Is erosion along a waterfront park in St. Petersburg being allowed to persist so that Fido can run free?
That's the sentiment of some residents who have watched erosion over the years along the northern edge of Lassing Park.
The battering that the park's shoreline withstood during Tropical Storm Debby only made matters worse.
City officials and representatives at Tampa Bay Watch agree, something must be done, and soon.
"Because Tropical Storm Debby caused further erosion, we're going to take a closer look," said Mike Connors, city administrator of public works.
Last year, Tampa Bay Watch proposed a plan that includes placing three oyster bars near the shoreline. But growing frustrations between residents of the Old Southeast and Tropical Shores neighborhood associations have left a shrinking stretch of waterfront park in limbo.
The park is a picturesque, passive strip along old Tampa Bay that stretches along both neighborhoods. The two neighborhoods intersect at the southern edge of the park at Beach Drive SE and 22nd Avenue S.
At odds are the Old Southeast residents who want to stop beach erosion and Tropical Shore residents who express safety concerns for park patrons of the four-legged variety. Dog lovers say the oysters pose a safety threat to canines as they romp along the park's shoreline.
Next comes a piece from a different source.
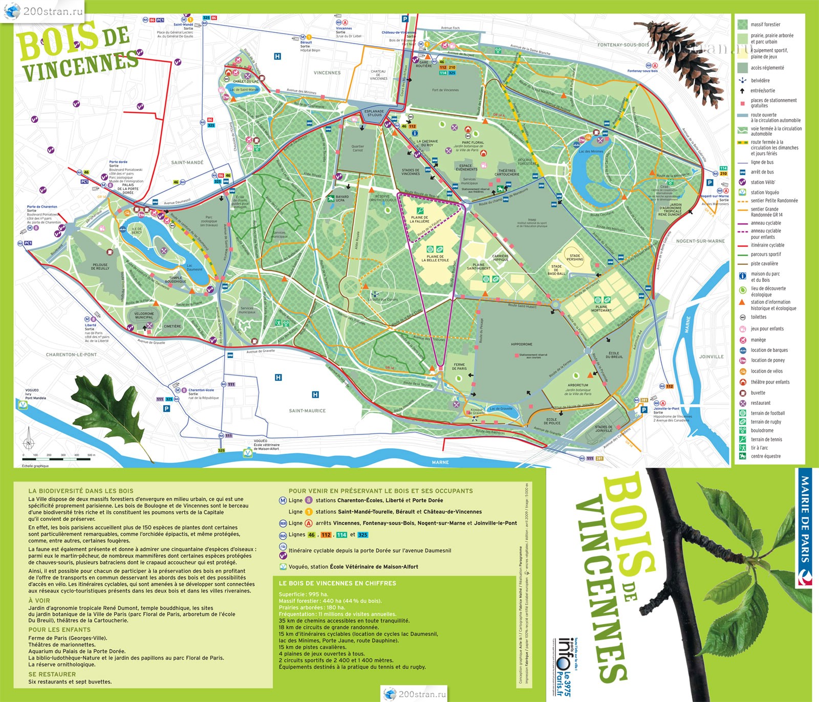 Карта парижского парка Bois de Vincennes Park

Of note is the fact that Tropical Shores is eight blocks south of where the erosion is most prevalent.
The city's erosion trend analysis conducted in 2000, 2005 and 2011 paints a clear picture — erosion along the northern edge of the park is prominent.
Laura Hensley, a resident of the Old Southeast, is one of several neighbors concerned about further erosion.
"We had a significant erosion problem," she said, adding that city officials, a biologist and coastal engineer at Tampa Bay Watch have visited the area and agree that something must be done and soon.
Hensley said that last summer when residents were presented with a restoration project, including the design from Tampa Bay Watch, some feathers were ruffled.
"A few people were not fans of the idea from the get-go," she said. "They were concerned with running their dogs at that end of the park."
Tampa Bay Watch has even altered the oyster bed plan to assure residents' safety. But the issue remains unresolved.
Keep in mind that dogs are not allowed to run loose at the park — and Lassing Park is not a dog beach.
Other residents voiced concerns about kite boarders getting injured, but its a nonissue considering that kite boarders use the southern region of the park.
"It's really up to the homeowners and the city if they want to continue the project," said Peter Clark, executive director of Tampa Bay Watch.
To be clear, Old Southeast residents are in favor of the project as are city officials and Tampa Bay Watch.
Residents who ventured out after the recent tropical storm saw all the proof they needed to sound an alarm about the need for action: fallen palm trees floating in the surf and more erosion.
"It's a very shallow beach," said Connors. "From a design principle, we're trying to use these beds to break the waves."
Connors said he is hopeful that residents will accept the plan going forward.
"We're going to make some design changes to address the citizen concerns, and plan to meet with Tampa Bay Watch officials about revising the plan," he said.
The sooner the better, says Clark.
"Right now it's not a natural shoreline. It doesn't have salt marsh, mangroves or oysters communities," he said, noting that erosion will continue.
"It's a great project in an urban area and there's a lot of public education that goes along with it."
Part of that education should include helping residents understand the consequences of allowing Fido to romp as the beach erodes.